Many cyclists are permanently hungry. This is not surprising, since training for a time trial or riding a bike to work every day needs a lot of fuel, and those extra calories don’t come from fresh air.
Nature has designed hunger as a powerful physiological drive to seek out food and eat something. However, although cyclists are often hungry they are also busy, and often don’t have time to eat.
The temptation is to grab poor quality fast foods and eat on the run. American cyclists joke about their craving for vitamin C-3 (chocolate chip cookies).
The high sugar content of sweets, biscuits and cakes may serve the purpose of re-fuelling, but these foods are severely lacking in essential micro-nutrients.
Eating is obviously about nutrition and getting enough vitamins and minerals, but it is also about pleasure. Wolfing down a packet of custard creams after a training ride does not give the same eating pleasure as a plate of penne pasta tossed in pesto and olive oil.
Even if you do eat these types of foods and can sit back and feel smug knowing that you do eat your greens, there is still another level of balance to consider.
Feeding the soul
A balanced diet, according to Chinese medicine, satisfies hunger, but also feeds the soul. In the middle of winter, after the excesses of Christmas, there is often a need to detox in an attempt to repair the damage. This usually involves a lot of lemon juice, grated carrot, salad and grapes. These are all good foods – but not at that time of year.
According to Chinese medicine, every food has its own heating or cooling energy. A truly balanced diet means eating plenty of warming foods in winter. Going out for a ride on a chilly day and coming home to a bunch of lettuce doesn’t do much for your spirits (or to restore your muscle glycogen levels), but a bowl of vegetable soup will.
In these days of global supermarkets, it is easy to push your trolley down the aisle and throw in anything you fancy. However, radishes and mange tout grown under African sun and flown across the world don’t contain the same nutrients as fresh, local produce that was grown and picked locally.
Eating in season adds another level of balance to your diet. You are also cutting down on food miles and doing your bit for the planet by eating turnips grown in Scotland and potatoes from England, rather than green beans grown in Kenya.

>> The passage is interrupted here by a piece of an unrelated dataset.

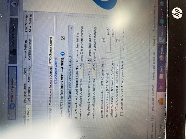 Secondly, my Orion is configured to use J1772 for type 2 charging. I want to keep this, and have a second charge port for CCS, hence the above. However as soon as I put the Orion into Charge mode by supplying 12V, it immediately reduces the CCL to 6A and reports 'CCL reduced due to J1772' (or similar) regardless of the x357 message. (The 6A is just the value set in the next screenshot - I could set it higher (say 100A), but I have a max DC current when charging of 60A for 6.6kW charging, and the Orion then takes that as absolute max value).
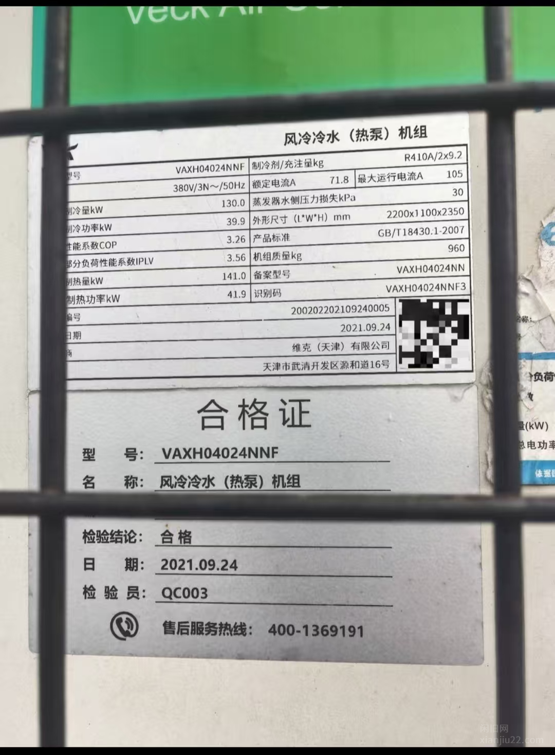 出售_维克风冷冷水热泵机组,制冷量130KW

Spring is on its way, but the local berries and soft fruits are not yet in season. Until they are, enjoy a fruit salad made from dried fruits and warming spices – a post ride snack or balanced breakfast, on all levels, for hungry cyclists
500ml organic apple juice
50g unrefined muscovado sugar
200g dried figs – roughly chopped
200g dried, brown,
200g dried pitted prunes
100g dried apple rings
100g dried cranberries
6 whole cloves
2 cinnamon sticks
4 black peppercorns.
Pinch of ground saffron (optional)
Combine the water, apple juice, sugar and spices and bring to the boil, stirring until the sugar has dissolved. Add the dried fruit and simmer gently for 20-30 minutes until soft. Set aside to cool and then remove spice pieces. Serve warm with natural yogurt and toasted, flaked almonds. Alternatively, leave to cool overnight. The fruit will be extra plump. Serve with natural yogurt, unsweetened muesli and/or chopped nuts.